For more context, you could explore the exact differences. The changes between assemblies are all logged here → Genome - NCBI - NLM. UCSC also has a summary from a top level perspective here → https://genome.ucsc.edu/cgi-bin/hgGateway (go to a genome, then scroll down to review the Assembly Summary).

I don’t understand the details about your suspect species well enough to discuss why these reads are mapping to both Klebsiella and older Human assemblies. As a guess, very short hits? contamination? artifact? All seem possible but this would be more likely to be in the older assemblies (and the detailed assembly updates would note if found/removed and which coordinates).

In short, I wouldn’t expect contamination events to be present in the CHRh38/hg38 or T2T assemblies. Using these for screening seems like a good idea. :slight_smile:

I guess I should have used an exact example, and not trying to make a generic question. So this is related to the Naegleria Fowleri that appears to be in my samples. From what I have read, this species has about 30% similarity to human dna.

So if I take my trimmed reads Q20 with adapters removed 2x150, I use HISAT2 with default settings using the T2T reference. I’m assuming this “should” suffice for my host removal process. Then I map my reads to Naegleria Fowleri reference, and assemble with Metaspades.

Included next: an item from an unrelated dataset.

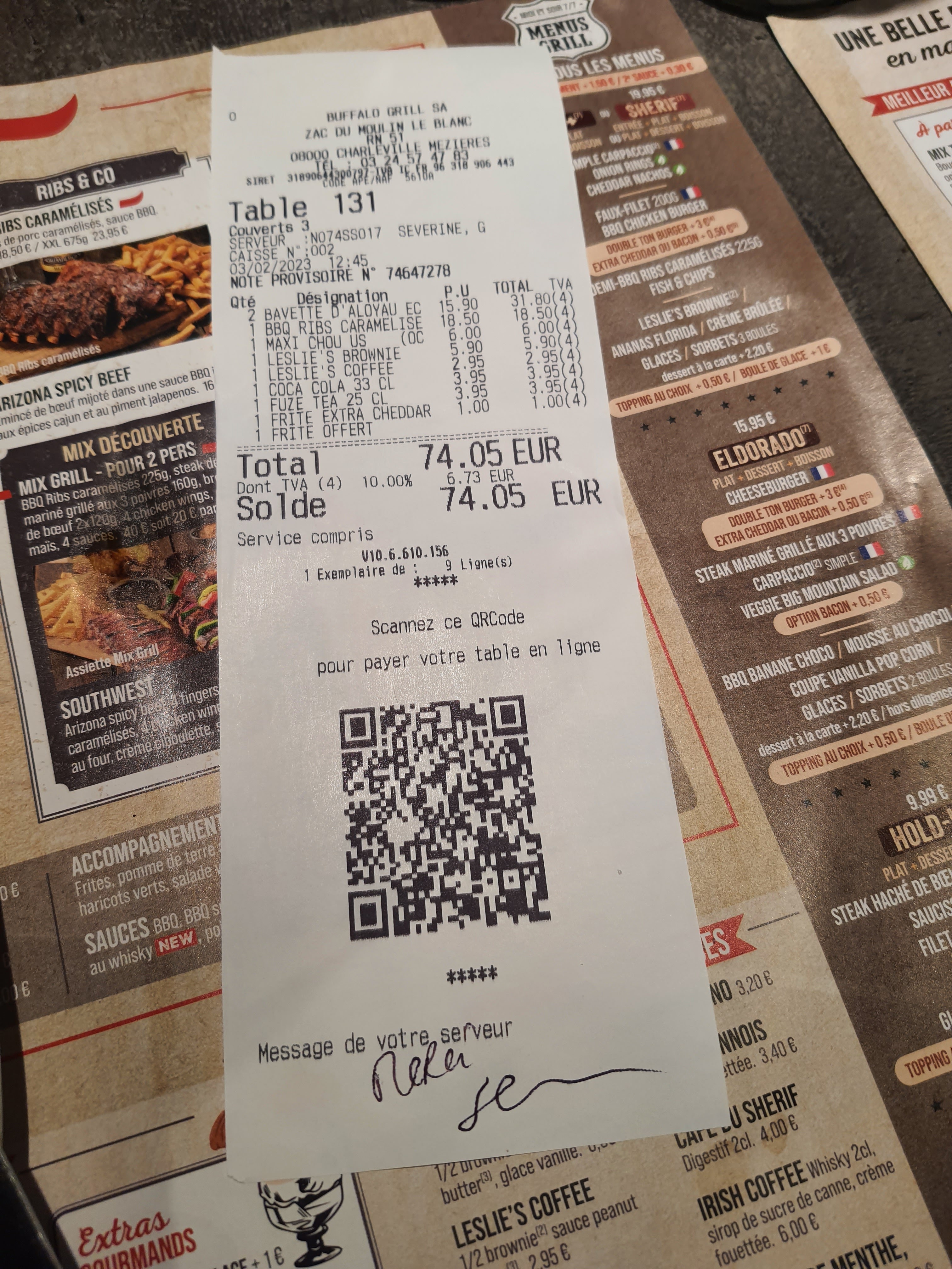 Personnel agréable, en revanche le service est assez lent. Les plats ont le temps de refroidir. Nous étions obligés de re demander de l'eau à chaque fois alors que la serveuse passait régulièrement à côté. De plus, nous trouvons peu pratique et peu plaisant d'avoir à commander via l'application. La prochaine fois nous verrons pour commander directement avec le personnel présent sur place. Tarifs normaux pour un Buffalo Grill. Culinarement parlant, les plats n'étaient pas top. Les ribs étaient sec, le cheddar avait refroidi. Les portions de frites étaient peu généreuses (en revanche nous pouvions en reprendre à volonté donc celà compense ceci). Le cheddar des frites avait refroidi et durci par dessus celui-ci.

I take some of the contigs and paste them into the Web NCBI Blast, if I just look at Naegleria Fowleri, I’m generally 100% alignment with 98+% match, yet often it will match a human reference mostly about 25 years old (so before Hg19, Hg38, T2T) that show a slightly higher score.

I have noticed that when blasting contigs, my assembled contigs are very close to the accession length showed in the Blast results, sometimes slightly longer. Whereas the human matches are just very short stretches of a much longer accession length.

I agree that it was probably contamination in the earlier assemblies!

All that sounds like you were able to remove the contamination with evidence of correctness. The short stretches are probably that 30% reported.

I’m really glad you are making progress with this! All of the basic logic seems sound to me.